NALINI SANTANAM, PHD, MPH, FAHA
Department of Biomedical Sciences
Prof. Department of Cardiology (Medicine)
Coordinator, Cardiovascular Disease Research cluster
1700 3rd Ave, 435S BBSC
Joan C. Edwards School of Medicine, Marshall University
Huntington, WV 25755
Redox Regulation of Cardiometabolic Diseases
Cardiometabolic diseases are on the rise within the United States especially in the Appalachian region (West Virginia- 2nd highest). Cardiometabolic diseases (CMD) includes obesity, Type 2 diabetes and cardiovascular diseases. Lifestyle modifications (diet and exercise) can help to reduce risk to CMD by regulating appetite and preventing metabolic dysfunction. Regulating redox stress is a key mechanism by which lifestyle modifications prevent CMD. Altering the gut-microbiome axis may also be involved. Our research utilizes novel stress-less mouse models (BBA 1863:2293-2306) to alter redox balance and improve appetite and microbiota.

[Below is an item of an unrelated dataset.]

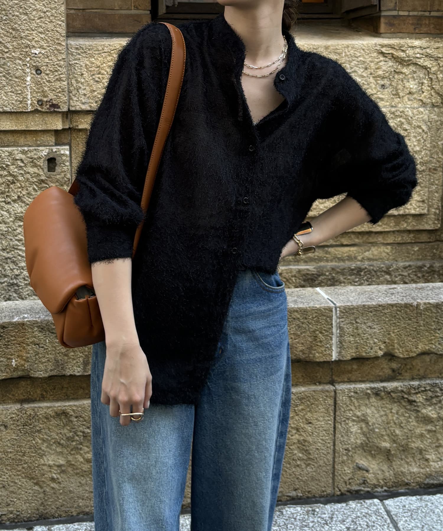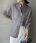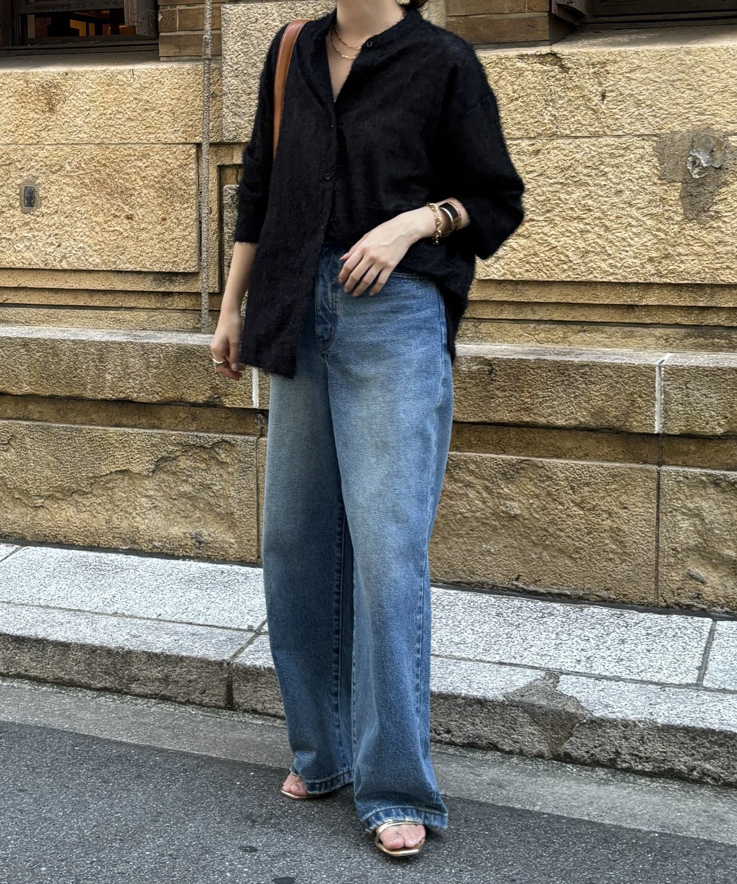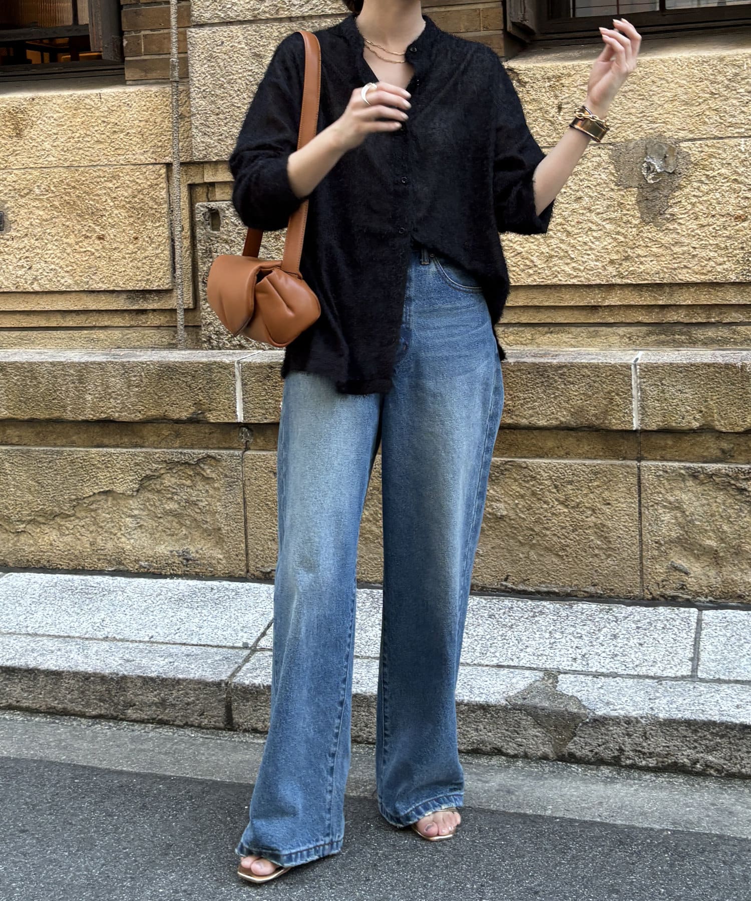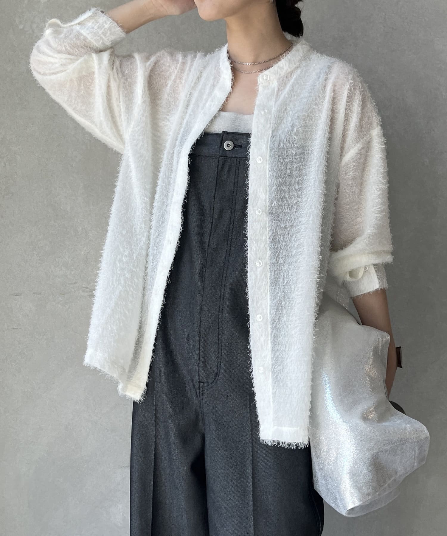 ノーカラー襟が上品な女性らしさをプラスしてくれ、いつものスタイルにマッチ!

We are studying the effects of diets (high saturated, PUFA or omega-3 fatty acid rich diets) or exercise on appetite regulation (adipose-brain-liver cross-talk), gut microbiota and cardiometabolic endpoints in these mouse models. ECHO-MRI, CLAMS, rodent treadmills, rodent ultrasound, next generation sequencing, miRNA microarray, Luminex technology, Ingenuity pathway analysis etc are some of the cutting edge techniques that are routinely used in our studies.
Aging and Adipose Dysfunction
Aging increases risk to cardiometabolic diseases especially cardiovascular disease, insulin resistance leading to diabetes. Studies have shown a loss of adipose function with aging. Our studies using Aging rat models (Fischer 344 x Brown Norway hybrid rats-FBN) showed sex dependent changes in ectopic fat adipokine profile. Our studies further showed a loss in metabolic plasticity in preadipocytes (adipose derived stem cells) with aging. MicroRNAs that regulated adipocyte differentiation were dysfunctional (PLoS One, 2013, 8(3):e59238, J Physiol & Biochem, 2017, 73:215-224). Our NIH (NIA) funded study investigates the association between increased risk to insulin resistance during aging to changes in pathways that regulate microRNA biogenesis and function in the adipose tissue.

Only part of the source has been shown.